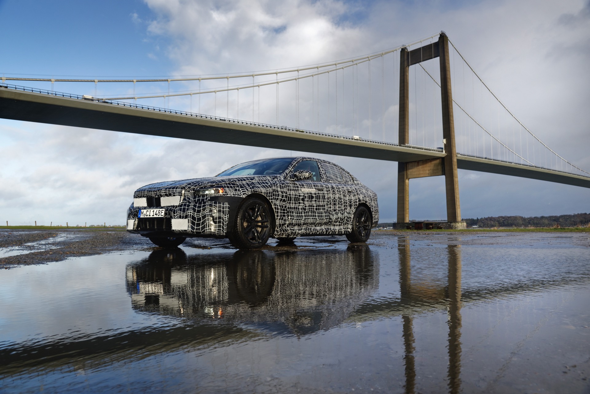 Wie nicht anders zu erwarten war, ist der Sensor in das Nieren-Design integriert und dürfte daher im Serien-Look nicht auf den ersten Blick ins Auge fallen: Erst bei näherem Hinsehen oder bei ungünstigem Lichteinfall dürften die anderen Materialien als beim Rest der Niere wirklich sichtbar werden. Neben Aufnahmen des BMW i5 mit der klassischen Niere samt senkrechten Streben für die schwächeren Varianten gibt es auch einige Fotos, die Prototypen des BMW i5 M60 mit horizontalen Streben und M-Außenspiegeln zeigen.
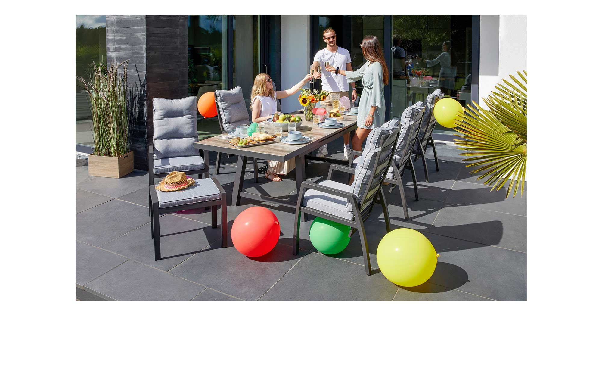 Das stabile Aluminiumgestell in Anthrazit ist bei Kauf bereits montiert, Sie können es sich also ohne Umschweife im Garten, auf dem Balkon oder der Terrasse gemütlich machen. Mit einer Größe von 60 x 47 x 45 cm präsentiert sich der Gartenhocker gleichermaßen handlich und platzsparend. Dank seiner Wetter- und UV-Beständigkeit sind weder sonnige noch verregnete Sommer ein Problem für ihn.
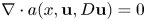 $\nabla \cdot a(x,{\bf u},D{\bf u})=0$, in which, again, the coefficient

◆ ◆ ◆ ◆

## Try it
Could you transcribe exactly the lines running from the one with "Das stabile Aluminiumgestell" to the final line of the material above, both included, with no pictures?

## Answer space
 Das stabile Aluminiumgestell in Anthrazit ist bei Kauf bereits montiert, Sie können es sich also ohne Umschweife im Garten, auf dem Balkon oder der Terrasse gemütlich machen. Mit einer Größe von 60 x 47 x 45 cm präsentiert sich der Gartenhocker gleichermaßen handlich und platzsparend. Dank seiner Wetter- und UV-Beständigkeit sind weder sonnige noch verregnete Sommer ein Problem für ihn.
 $\nabla \cdot a(x,{\bf u},D{\bf u})=0$, in which, again, the coefficient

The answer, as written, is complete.